2 years after rejection, Mesoblast touts long-term cell therapy survival data as key to FDA resubmission

2 years after rejection, Mesoblast touts long-term cell therapy survival data as key to FDA resubmission

Mesoblast has established another pillar of the evidence it thinks will support a second run at the FDA for its cell therapy, touting long-term data from the study at the center of its rejected application as the key to its planned resubmission.

Two years ago, the FDA issued a complete response letter for Mesoblast’s request for approval of its allogeneic cell therapy remestemcel-L in children with steroid-resistant graft-versus-host disease (GVHD). The FDA knocked back the filing, despite its advisory committee voting that the data supported the efficacy, after identifying a need for “at least one” additional randomized clinical trial.

Mesoblast recently went back to the FDA clutching information on clinical and potency assay items that the agency flagged up in its 2020 rejection. Now, the Australian biotech has presented data it hopes will support “a successful regulatory outcome for remestemcel-L during the first half of the upcoming calendar year.”
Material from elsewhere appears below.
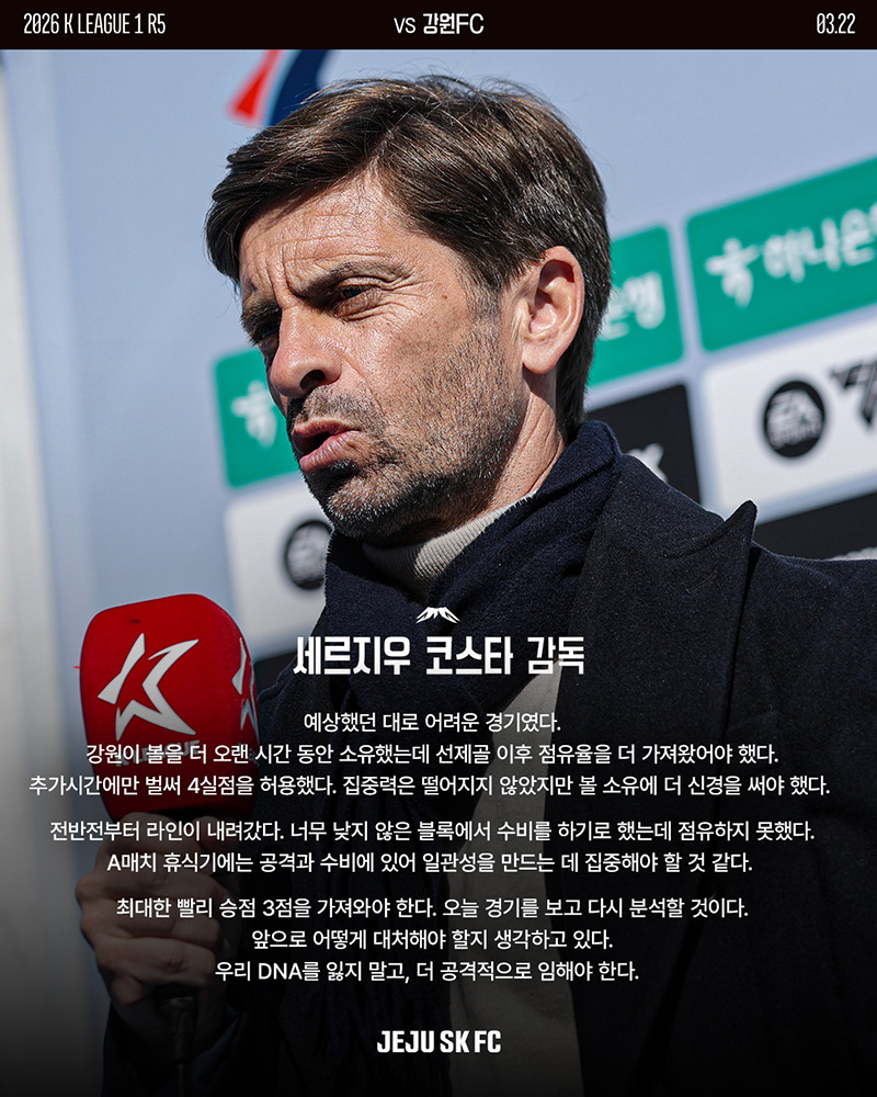 제주는 3월 22일(일) 오후 4시30분 강릉하이원아레나에서 열린 강원FC와의 하나은행 K리그1 2026 5라운드 원정경기에서 1-1로 승부를 가리지 못했다. 경기 후 세르지우 코스타 감독은 선제골 이후 볼 점유율 경쟁에서 저조했던 점을 아쉬워했다.

The data come from the phase 3 trial that formed the basis of the original filing for approval. While the primary endpoint of the study looked at the response rate after 28 days, Mesoblast continued to track the participants and now has four years of follow-up.

Overall survival was 63% at one year, 51% at two years and 49% at four years. Median survival clocked in a “two to three years,” according to Mesoblast. The company compared its survival data favorably to results for Incyte’s Jakafi, although differences between the studies raise questions about the validity of the comparison.

The validity of cross-trial comparisons was a topic of debate late time Mesoblast sought approval, with the FDA noting the “absence of appropriate concurrent or historical controls” at the time. FDA officials questioned whether “the one statistically-positive single-arm trial, in a landscape of the multiple negative clinical trials for the treatment of aGVHD, including randomized controlled trials, is adequate to allow one to conclude that remestemcel-L is effective.”